McrBC-digestion PCR and bisulphite PCR

Plant genomic DNA (~500 ng) was digested with 30 units of McrBC (NEB Cat No. M0272) in a 50 µL reaction volume at 37 °C overnight. For McrBC-minus controls, the same amount of DNA was incubated overnight at 37 °C in 50 µL reaction volumes containing the same buffer, but without the McrBC enzyme. 1 µL (50 ng) of digested and undigested DNA of each sample was used to set up PCR reactions using Taq DNA polymerase (NEB Cat No. M0273) along with ThermoPol buffer (NEB). The PCR product was electrophoresed on a 2% agarose gel, stained with ethidium bromide, and visualized by UV illumination.

Bisulfite conversion and purification were performed using the EpiTect Bisulfite kit (QIAGEN Cat No. 59124) following the procedures recommended by the manufacturer. Bisulfite PCR was performed as a nested PCR (two PCR reactions). The primers used in the first and second round PCR was listed in the Supplementary Data 1. The PCR cycles were as follows37: 12 min at 94°C followed by 10 cycles of 1 min at 94°C, 2:30 min at 50°C, 1:30 min at 72°C, and 30 cycles with 1 min at 94°C, 1:30 min at 55°C, 1:30 min at 72°C, with a final extension of 10 min at 72°C. The PCR products from the second PCR were purified using QIAquick PCR purification kit (Qiagen Cat No. 28104) following the manufacturer’s instructions. Approximately 50–200 ng of purified bisulfite PCR product was sequenced with BigDye Terminator V3.1 premix (Applied Biosystems) using one of the nested primers. Cytosine methylation levels were determined using the following procedure38: trace file data of the sequenced PCR products were opened using the BioEdit software (https://bioedit.software.informer.com), exported to Microsoft Excel using the ‘Export trace values (tab-delimited text)’ feature, and the relative peak heights of cytosines and thymines calculated to indicate the relative degree of methylation at each cytosine location.
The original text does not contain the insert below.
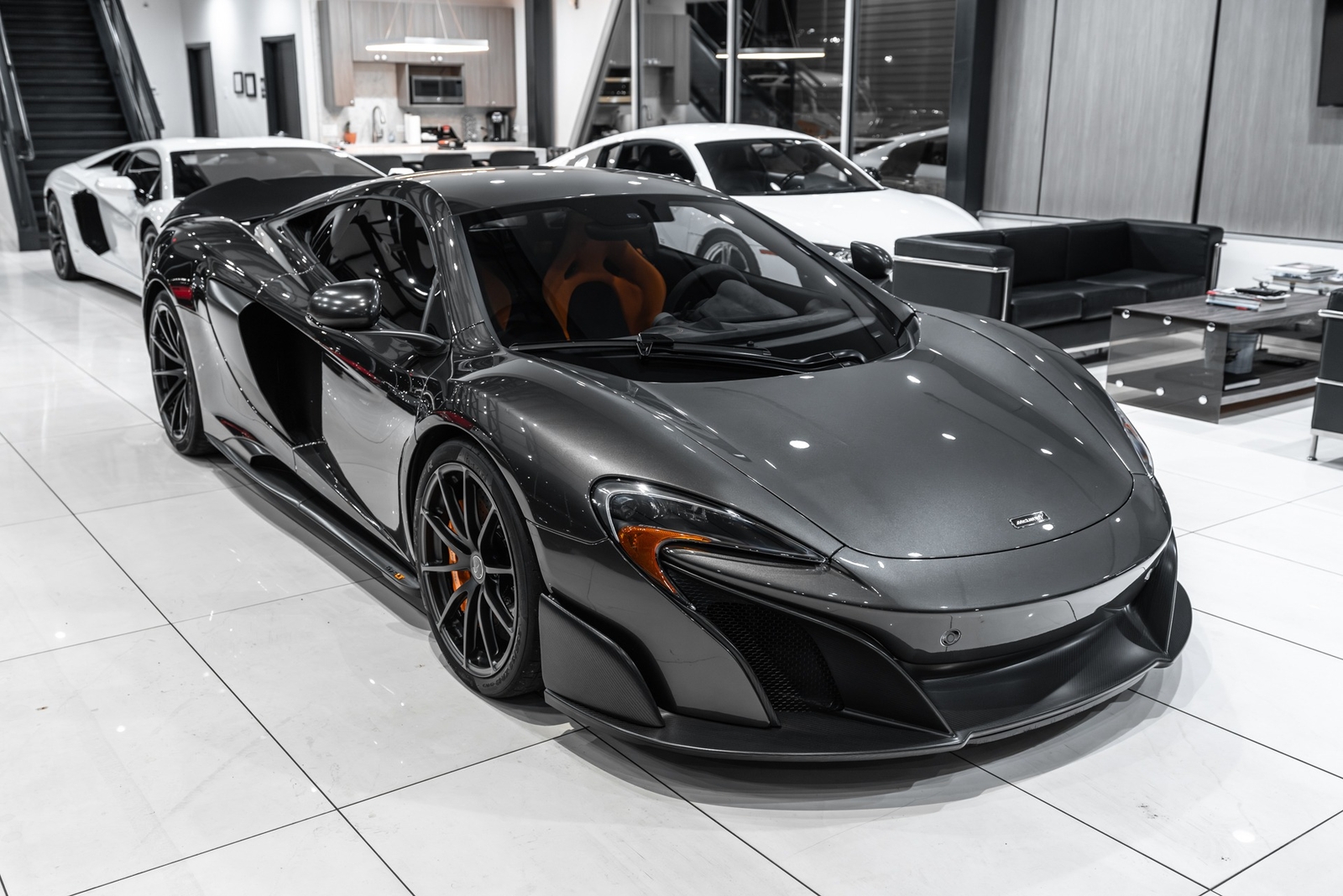 2016 McLaren 675LT CoupeStorm Grey Special Exterior over Carbon Black/McLaren Orange Interior

Analysis of small RNA sequencing data

Cutadapt version 1.12 (https://cutadapt.readthedocs.io/en/stable/installation.html) was used to trim the adaptor sequences and filter out >35 nt or <18 nt sequences. The clean reads were mapped to reference hpEIN2 and hpGUS sequences, without mismatch, using Bowtie version 1.2.3 (http://bowtie-bio.sourceforge.net/index.shtml). sRNA reads were normalized against total reads including those mapped to the transgenes and Nicotiana or Arabidopsis genomes.

Reporting summary

Further information on research design is available in the Nature Research Reporting Summary linked to this article.